A concordancer is a computer program that automatically constructs a concordance—an alphabetised index of every occurrence of a word or phrase in a body of text, each entry displayed with its surrounding context. Concordancers are primary tools in corpus linguistics, lexicography, computer-assisted translation, and language teaching. The most common display format is the key word in context (KWIC) layout, in which each hit appears centred on a line with a fixed span of words to its left and right, enabling rapid scanning of usage patterns across many occurrences.

History

Pre-computational concordances

The compilation of concordances predates computers by many centuries. Around 1230, the French Dominican cardinal Hugh of Saint-Cher directed a team of friars in assembling a concordance of the Latin Vulgate Bible, generally regarded as the first systematic concordance of any text.¹ To help readers locate passages, Hugh divided each biblical chapter into lettered sections. Later milestones include a Hebrew Old Testament concordance compiled by Rabbi Mordecai Nathan (1448), Alexander Cruden's Complete Concordance to the Holy Scriptures (1737), and the manuscript Asaf ha-Mazkir, an unfinished concordance to the Babylonian Talmud compiled by Moses Rigotz around the turn of the 19th century.²

First computer concordance

The first concordance produced with computing assistance was the Index Thomisticus, a comprehensive lexical index of the writings of and around Thomas Aquinas, totalling approximately 10.6 million Latin words.
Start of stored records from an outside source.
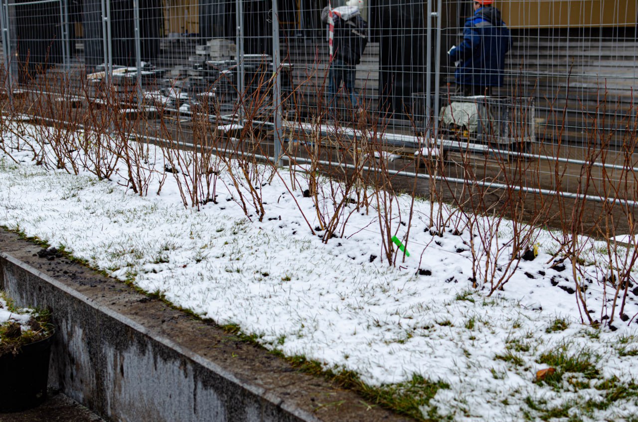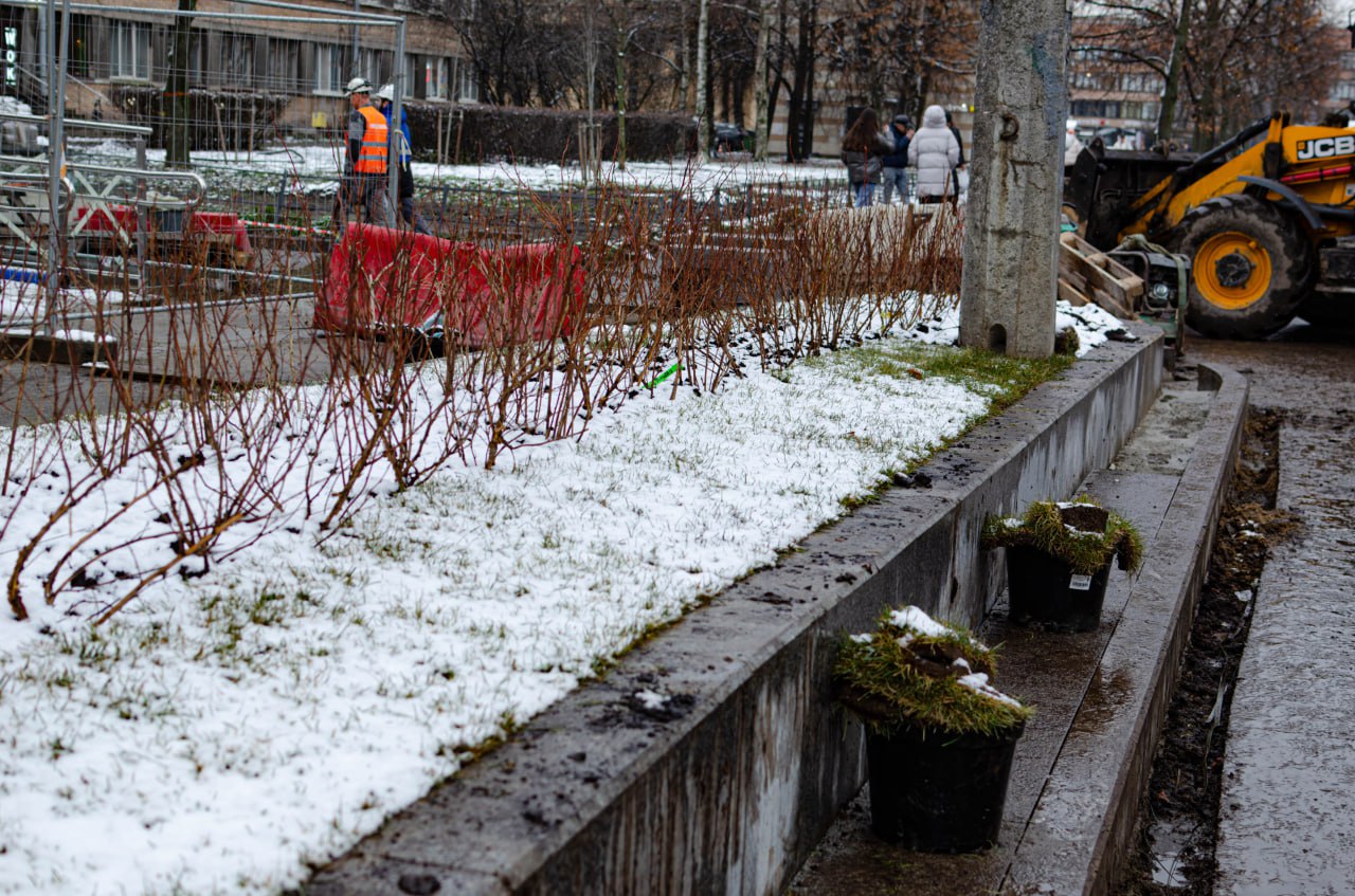 Сегодня в эту "клумбу", в смесь из земли и снега высаживали кустарники. Не благоустройство, а гибрид порнографии с отмыванием денег. В лучшем случае 1% этих кустов зазеленеет весной
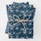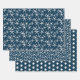 Dark navy blue wrapping paper sheets with sea life designs. Starfish, or sea stars, sand dollars and dolphins are featured on each of three sheets. The background colour is dark blue colour. The patterns work for a tropical Christmas, graduation, birthday, housewarming and just about any occasion. The darker colour is perfect for wrapping gifts for men who love the ocean. This paper comes rolled, so no fold lines!
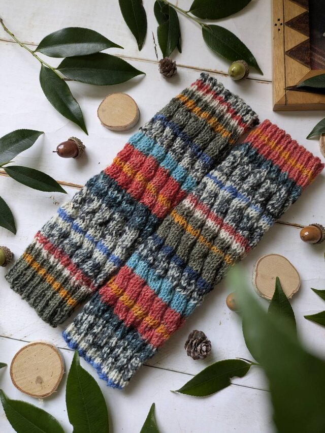 秋の小径をランデブーしているような楽しげな柄の、スパイラル編みレッグウォーマーです。
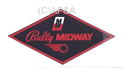 Aftermarket replacement diamond-shaped decal with Bally/Midway logo for coin door. Fits Bally/Midway games in early/mid-1980s that have the stainless steel door with diamond-shaped inset. Measures approx. 6 inches x 3.25 inches. Peel-and-stick application.
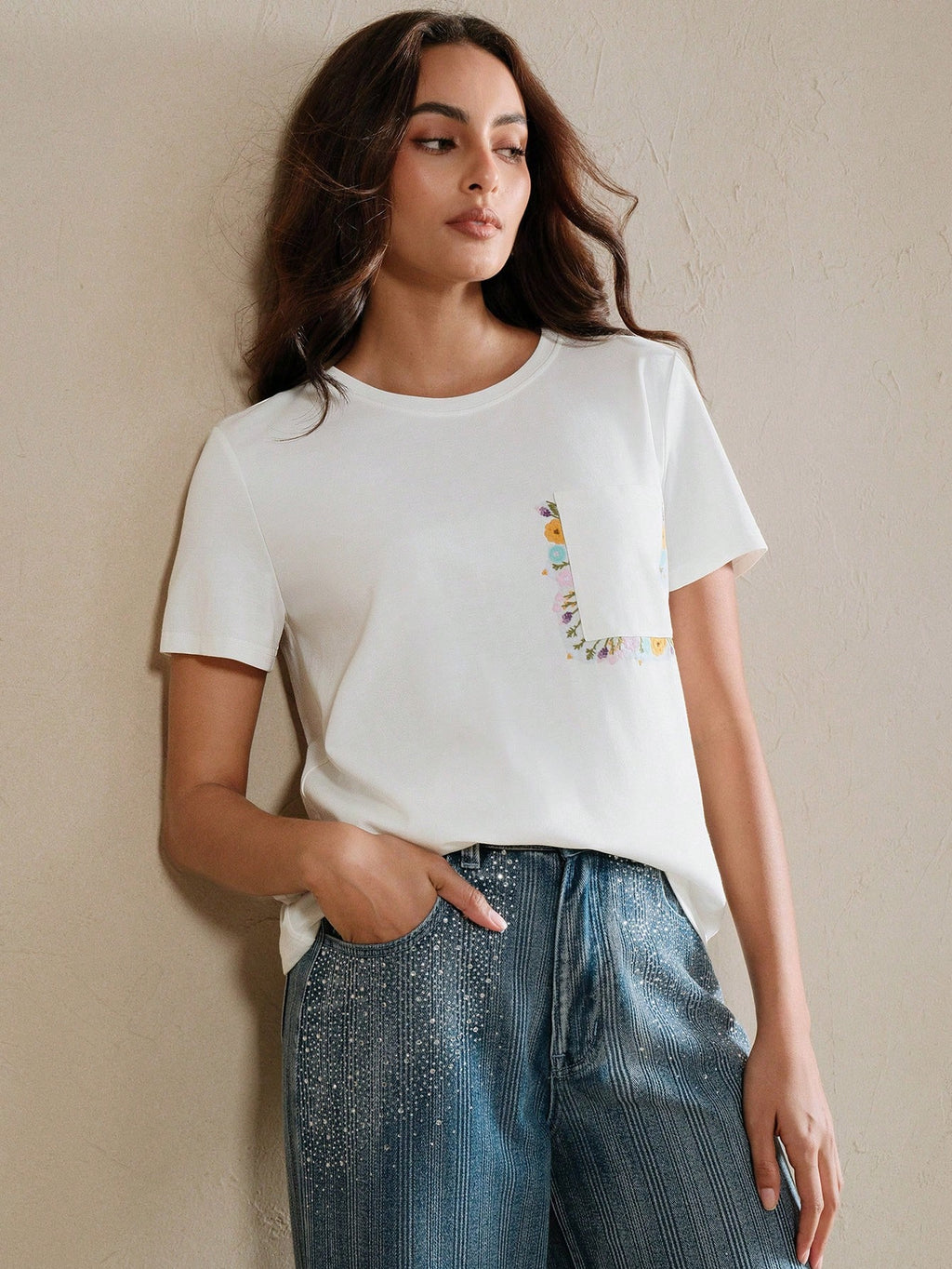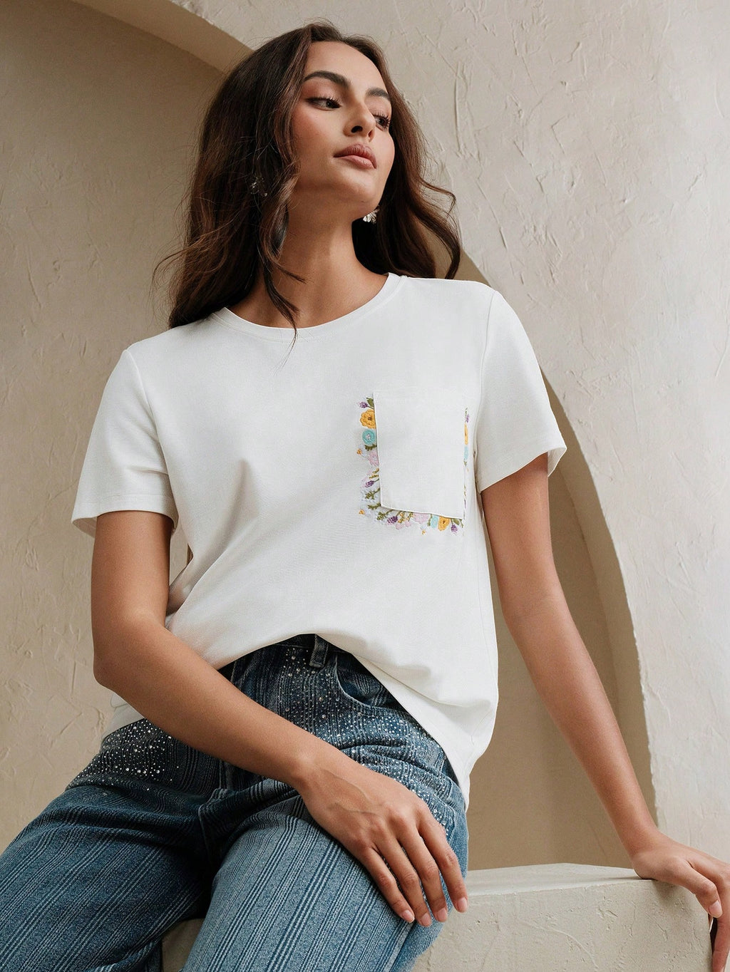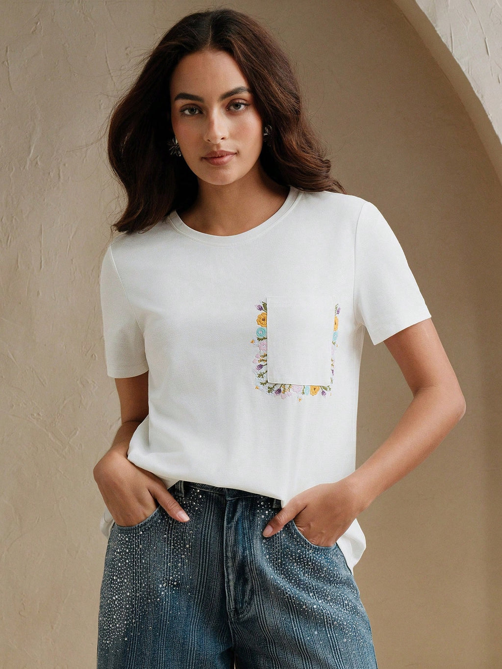 MIU Casual Embroidered Pocket Short Sleeve T-Shirt, Summer

The Italian Jesuit priest Roberto Busa conceived the project in 1946 and secured the sponsorship of IBM in 1949 after a meeting with chairman Thomas J. Watson.³ Keypunch operators in Gallarate, Italy, encoded the texts onto punched cards from around 1950. IBM executive Paul Tasman developed the processing methods. The full 56-volume printed edition was completed around 1980, followed by a CD-ROM edition in 1989 and a web-accessible version in 2005.

The KWIC format

The key word in context (KWIC) display was formalised as a computational technique by Hans Peter Luhn, a researcher at IBM, in a 1960 paper in American Documentation.⁴ In KWIC output, each instance of the search term (the node word) is centred on a line with a fixed window of words to each side; sorting the resulting lines alphabetically by the immediately adjacent word reveals collocational and phraseological patterns at a glance.⁵

COCOA

One of the first dedicated concordancing programs was COCOA (COunt and COncordance Generation on Atlas), created in 1965 by D. B. Russell at University College London and the Atlas Computer Laboratory in Harwell, Oxfordshire.⁶ Written in approximately 4,000 cards of FORTRAN, it processed text annotated with flat, non-hierarchical markup tags and could produce word counts and concordances in multiple languages. Within its first six months COCOA had been applied to texts in at least six languages. A second version designed for multiple mainframe platforms was distributed to British computing centres in the mid-1970s. Growing dissatisfaction with its interface and the eventual withdrawal of Atlas Laboratory support prompted British funding bodies to commission a successor program.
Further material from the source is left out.